Start of Dataset content

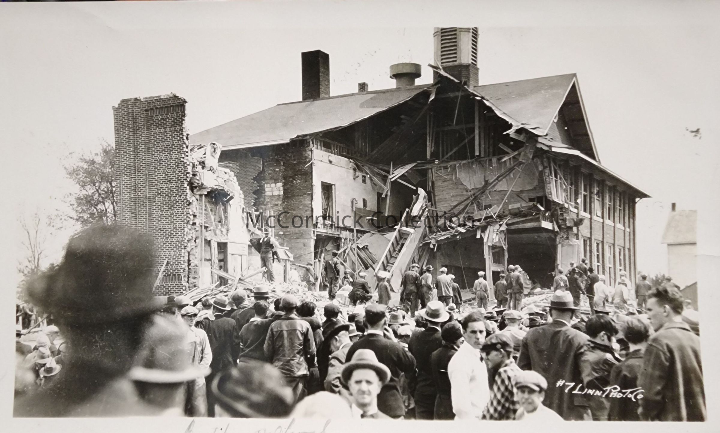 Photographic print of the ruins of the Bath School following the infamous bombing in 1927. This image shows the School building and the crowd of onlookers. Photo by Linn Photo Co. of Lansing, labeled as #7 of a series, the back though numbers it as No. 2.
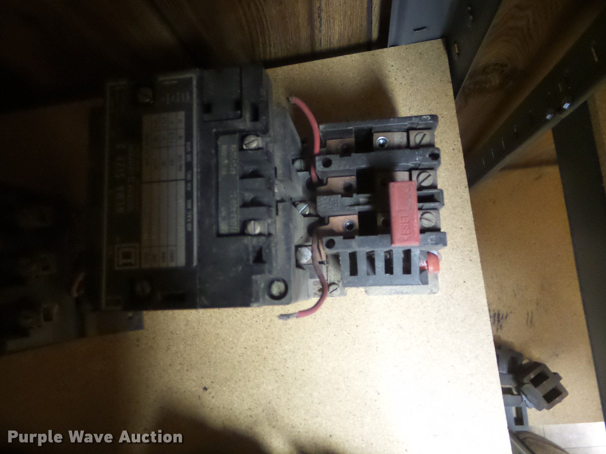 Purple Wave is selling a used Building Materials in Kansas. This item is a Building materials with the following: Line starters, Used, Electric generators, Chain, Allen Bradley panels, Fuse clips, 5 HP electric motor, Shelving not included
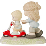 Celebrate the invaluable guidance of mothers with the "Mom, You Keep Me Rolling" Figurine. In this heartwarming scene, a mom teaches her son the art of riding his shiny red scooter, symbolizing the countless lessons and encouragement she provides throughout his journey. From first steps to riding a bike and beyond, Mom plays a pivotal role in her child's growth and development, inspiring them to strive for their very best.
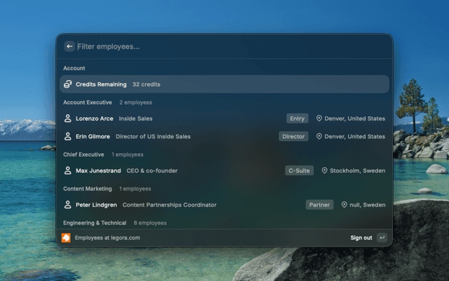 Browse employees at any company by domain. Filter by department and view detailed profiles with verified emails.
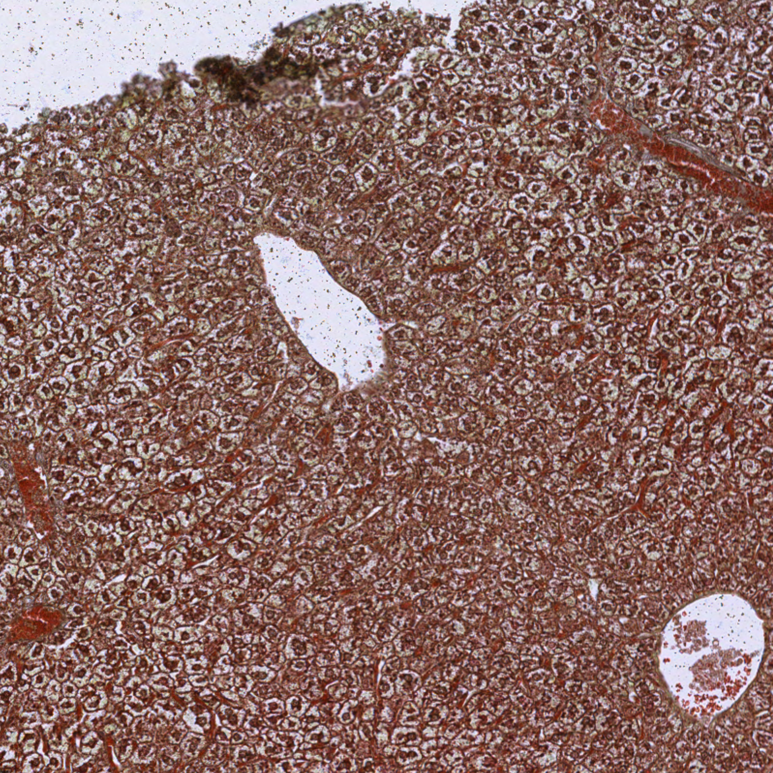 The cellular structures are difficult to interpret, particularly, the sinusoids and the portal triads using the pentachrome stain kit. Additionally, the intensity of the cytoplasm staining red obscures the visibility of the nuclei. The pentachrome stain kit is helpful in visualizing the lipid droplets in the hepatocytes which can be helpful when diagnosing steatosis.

End of Dataset content
Start of Dataset content

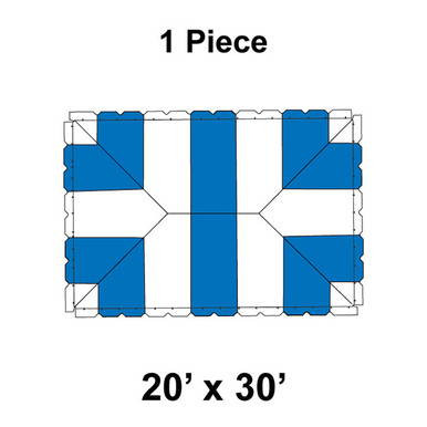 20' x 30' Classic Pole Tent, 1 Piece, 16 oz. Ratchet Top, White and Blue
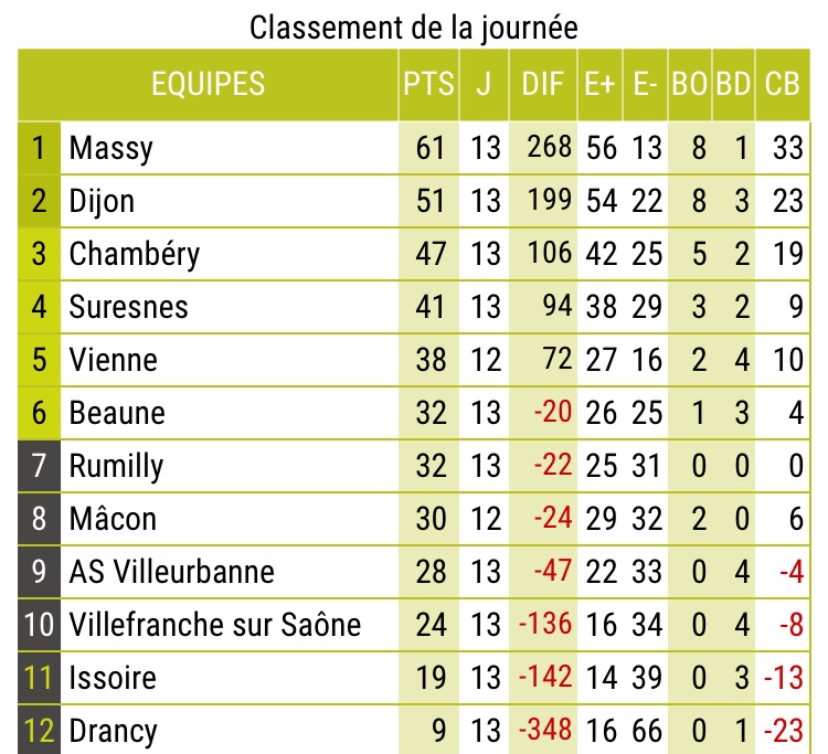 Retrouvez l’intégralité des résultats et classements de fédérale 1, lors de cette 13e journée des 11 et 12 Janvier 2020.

End of Dataset content
Start of Dataset content

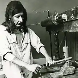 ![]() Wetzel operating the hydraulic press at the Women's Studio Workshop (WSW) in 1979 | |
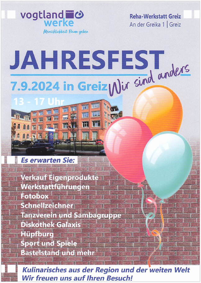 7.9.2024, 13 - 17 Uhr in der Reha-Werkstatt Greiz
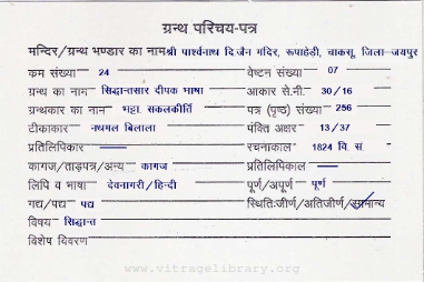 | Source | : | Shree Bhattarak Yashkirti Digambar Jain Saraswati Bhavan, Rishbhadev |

End of Dataset content

# Task:
Above are some records. Reproduce the lines from the one with "Browse employees at" down to the one with "The cellular structures", keeping both, and leave every picture out.

# Task result:
 Browse employees at any company by domain. Filter by department and view detailed profiles with verified emails.
 The cellular structures are difficult to interpret, particularly, the sinusoids and the portal triads using the pentachrome stain kit. Additionally, the intensity of the cytoplasm staining red obscures the visibility of the nuclei. The pentachrome stain kit is helpful in visualizing the lipid droplets in the hepatocytes which can be helpful when diagnosing steatosis.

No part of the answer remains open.